I’ll admit it – I hate being cold. I’ll go as far as to say I’m a bit of a wimp when it comes to winter. You’d think that after living in Illinois and having to face cold and windy weather that I’d be more prepared for running outside, but I must admit that I’m not. The weather in Orlando in January has been a bit of a roller coaster over the past couple of years, and I’m just crossing my fingers and praying that next month’s marathon weekend weather will be more like it was this past January, when it was unseasonably warm, and not like it was in 2010 when it was in the 30s and sleeting during the half marathon!
Because of my distaste for the cold, I haven’t run outside since the Veteran’s Day 5K on November 10th, which has forced me to find ways to keep myself entertained during my long runs.
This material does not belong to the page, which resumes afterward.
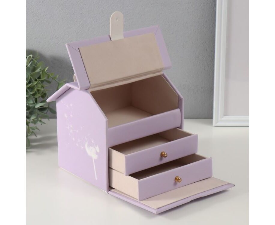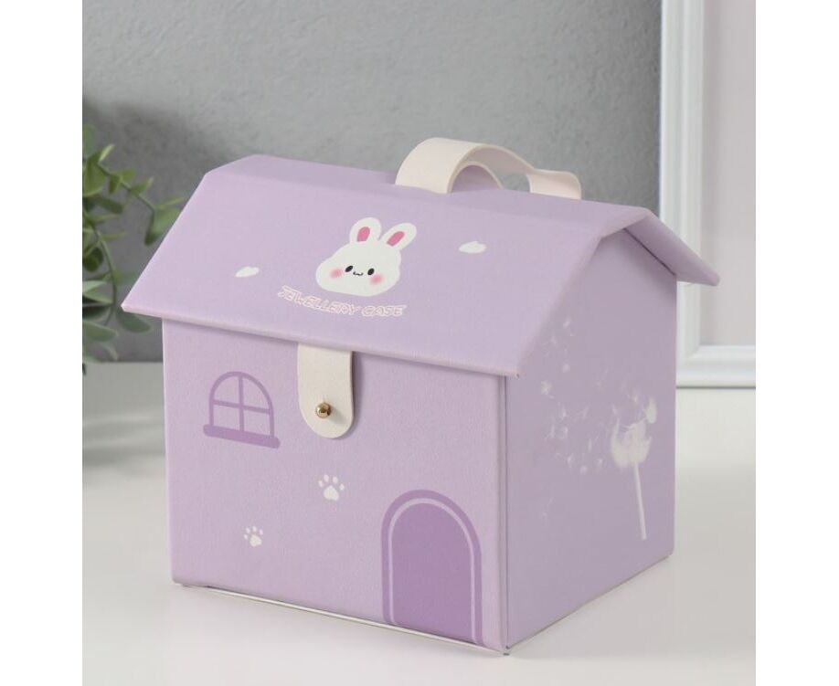 Шкатулка для украшений "Домик. Зайка", искусственная кожа, сирень, 16.5×19×16.5 см

Most of my weekday runs have been on the treadmill since school started back in September, but I don’t usually find myself becoming bored during those shorter runs. About the 5k mileage mark seems to be my threshold of hitting boredom.
Fortunately, I’ve discovered a few key tricks that help prevent me from becoming bored during my long indoor runs:
1. Find a running buddy
Just as many of us prefer to complete long outdoor runs in the company of others, the same is true for indoor runs as well. Preston and I usually complete our long runs at the same time, and although we run different distances (he ran 17 miles last weekend while I ran 10), we’re able to encourage one another by running on side by side treadmills.
2. Watch a movie or TV show
I often try to distract myself with the TV when I run at the gym. During the week I usually watch the evening news while completing my run, but during my long run over the weekend I tend to prefer something much different. I’ve tried to force myself to focus on whatever show is on the TV closest to my treadmill, but usually its sports and I pretty much despise televised sports. This past weekend I downloaded an old season of the Amazing Race to my iPad and watched a couple of episodes during my 10 mile run. The distraction worked perfectly! Fortunately, the height of the iPad fits perfectly underneath the clock on the treadmill, so I didn’t face any difficulty in keeping an eye on the time in order to maintain my run-walk intervals.
3. Vary the speed and incline of the treadmill
Its natural that we don’t maintain the exact same speed during any outdoor run. In order to mimic that, as well as the natural hills that most outdoor surfaces feature, varying the speed and incline of the treadmill also helps keep me focused. If I’m running while listening to music, I’ll often use the end of a song as my signal to adjust the speed and/or incline of the treadmill. Since its rare that a playlist will feature songs of the exact same length, this also allows me to mix up my workouts and further challenges my abilities as a runner.
QOTD: What strategies do you utilize in order to survive long runs on the treadmill?